*** Opening of TASK INPUTS ***
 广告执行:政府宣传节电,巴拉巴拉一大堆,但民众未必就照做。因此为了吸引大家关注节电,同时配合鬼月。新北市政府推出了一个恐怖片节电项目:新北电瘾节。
*** Close of TASK INPUTS ***
*** Opening of TASK INPUTS ***
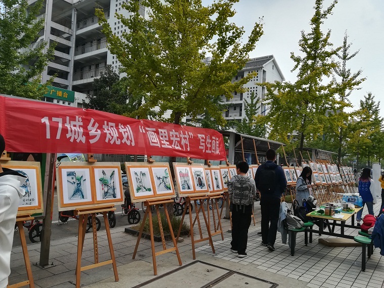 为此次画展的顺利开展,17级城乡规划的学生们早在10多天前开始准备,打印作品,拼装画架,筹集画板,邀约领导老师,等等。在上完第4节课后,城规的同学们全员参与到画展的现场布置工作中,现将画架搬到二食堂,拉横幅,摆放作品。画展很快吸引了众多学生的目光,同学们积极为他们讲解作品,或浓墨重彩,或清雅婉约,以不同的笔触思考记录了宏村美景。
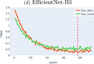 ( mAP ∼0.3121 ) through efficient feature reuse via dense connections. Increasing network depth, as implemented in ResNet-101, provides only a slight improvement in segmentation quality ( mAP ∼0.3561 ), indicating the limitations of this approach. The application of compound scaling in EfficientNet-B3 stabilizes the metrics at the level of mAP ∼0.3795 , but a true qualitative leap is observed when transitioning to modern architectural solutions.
*** Close of TASK INPUTS ***
» THE TASK: Look above for the line with "为此次画展的顺利开展,17级" and the line with "( mAP ∼0.3121". Copy them and every line between, exactly, but no pictures.

» TASK RESPONSE:
 为此次画展的顺利开展,17级城乡规划的学生们早在10多天前开始准备,打印作品,拼装画架,筹集画板,邀约领导老师,等等。在上完第4节课后,城规的同学们全员参与到画展的现场布置工作中,现将画架搬到二食堂,拉横幅,摆放作品。画展很快吸引了众多学生的目光,同学们积极为他们讲解作品,或浓墨重彩,或清雅婉约,以不同的笔触思考记录了宏村美景。
 ( mAP ∼0.3121 ) through efficient feature reuse via dense connections. Increasing network depth, as implemented in ResNet-101, provides only a slight improvement in segmentation quality ( mAP ∼0.3561 ), indicating the limitations of this approach. The application of compound scaling in EfficientNet-B3 stabilizes the metrics at the level of mAP ∼0.3795 , but a true qualitative leap is observed when transitioning to modern architectural solutions.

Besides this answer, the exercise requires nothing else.